Впрочем, эта казнь отличалась от всех остальных. Ибботсон и Мосс конечно же заслуживали смерти, они дезертировали, собирались перейти на сторону врага — наказание было совершенно справедливым. Но сражение на мосту, бесконечные, порки и проклятия, которыми Симмерсон осыпал своих людей за потерю знамени, а теперь еще и эта казнь — батальон считал ее демонстрацией презрения и ненависти сэра Генри к Южному Эссек-скому. Шарп еще ни разу не видел, чтобы солдат переполняло столь сильное негодование.
Вдалеке, пробираясь сквозь толпу британских и испанских зевак, появился отряд военной полиции во главе с начальником, приговоренные к смерти дезертиры и охрана. Форрест подъехал на своей лошади и встал перед Симмерсоном.
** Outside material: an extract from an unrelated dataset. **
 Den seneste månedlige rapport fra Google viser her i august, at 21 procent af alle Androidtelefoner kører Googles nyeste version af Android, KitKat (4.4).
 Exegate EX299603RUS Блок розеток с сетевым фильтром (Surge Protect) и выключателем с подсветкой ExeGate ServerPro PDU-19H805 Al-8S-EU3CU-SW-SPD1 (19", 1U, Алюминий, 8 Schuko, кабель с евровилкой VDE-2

— Батальон! Примкнуть штыки!
Из ножен появились штыки, послышался звон оружия, солнечные блики заиграли на клинках. Преступники должны умереть с соблюдением всех правил. Шарп наблюдал за тем, как Гиббонс наклонился и сказал шестнадцатилетнему прапорщику Денни:
— Это первая казнь, в которой вы принимаете участие, мистер Денни?
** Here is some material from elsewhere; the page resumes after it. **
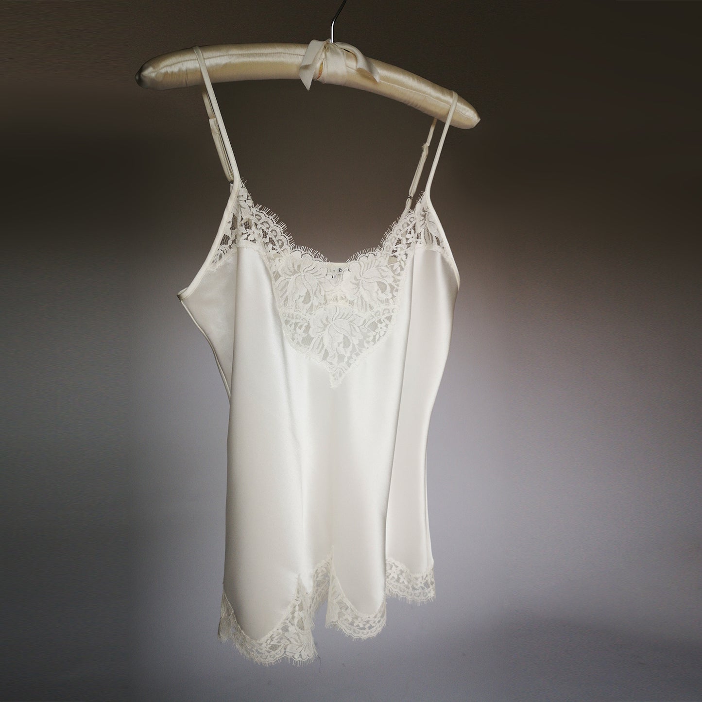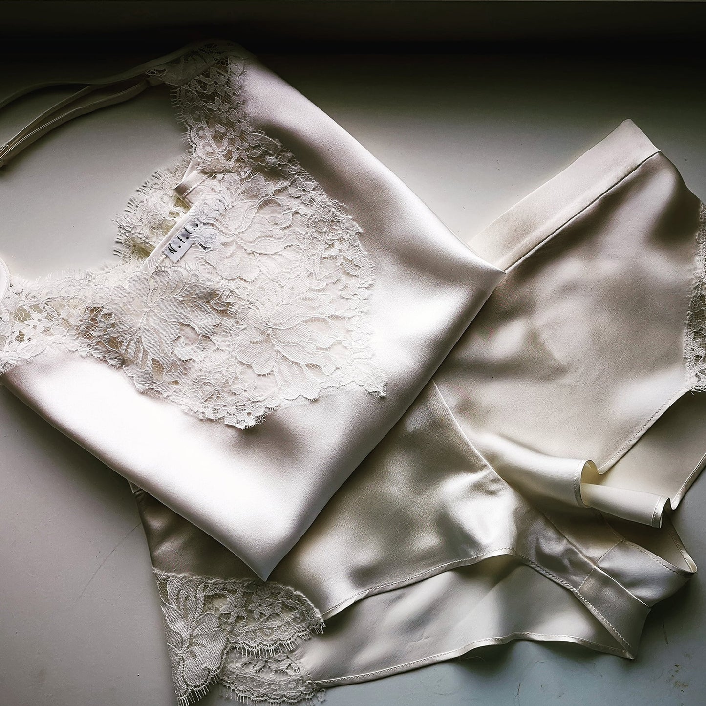 Natalie’s iconic bias-cut silk camisole, elegantly paired with French knickers, exudes timeless sophistication. Crafted with impeccable attention to detail, its fluid drape, delicate French lace, and expert craftsmanship make it a luxurious addition to your lingerie collection.

Юноша кивнул. Он был бледен и взволнован, как и все остальные молодые солдаты батальона.
Гиббонс хихикнул:
— Отличная практика в стрельбе по мишени! Лучше не придумаешь!
— Тише! — сердито крикнул Шарп. Гиббонс хитро улыбнулся.
— Батальон! — Лошадь Форреста шарахнулась в сторону. Майор быстро ее успокоил. — На плечо!
Ряды солдат ощетинились штыками. Наступила тишина.
На приговоренных были брюки и рубашки, все остальное у них отобрали; Шарп предполагал, что их как следует накачали паршивым бренди или ромом. Рядом с дезертирами шел капеллан, до Шарпа доносилось его неразборчивое бормотание, но пленники, которых подвели к деревьям, казалось, не обращали на священнослужителя ни малейшего внимания.
Драма близилась к финалу. Моссу и Ибботсону надели на глаза повязки, и солдаты, готовые привести приговор в исполнение, встали по стойке «смирно». Ибботсон, сын викария, оказался ближе к Шарпу, и тот видел, как быстро-быстро шевелятся его губы. Молится? С такого расстояния Шарп не мог разобрать ни слова.
Форрест не отдавал никаких приказов. Солдатам объяснили, что они должны действовать в соответствии с определенными сигналами, и теперь они повиновались движениям сабли майора.
Неожиданно четко и громко зазвучал голос Ибботсона, отчаяние наполняло каждое его слово:
— Мы ошибались, мы потеряли свое стадо, как заблудшие овцы...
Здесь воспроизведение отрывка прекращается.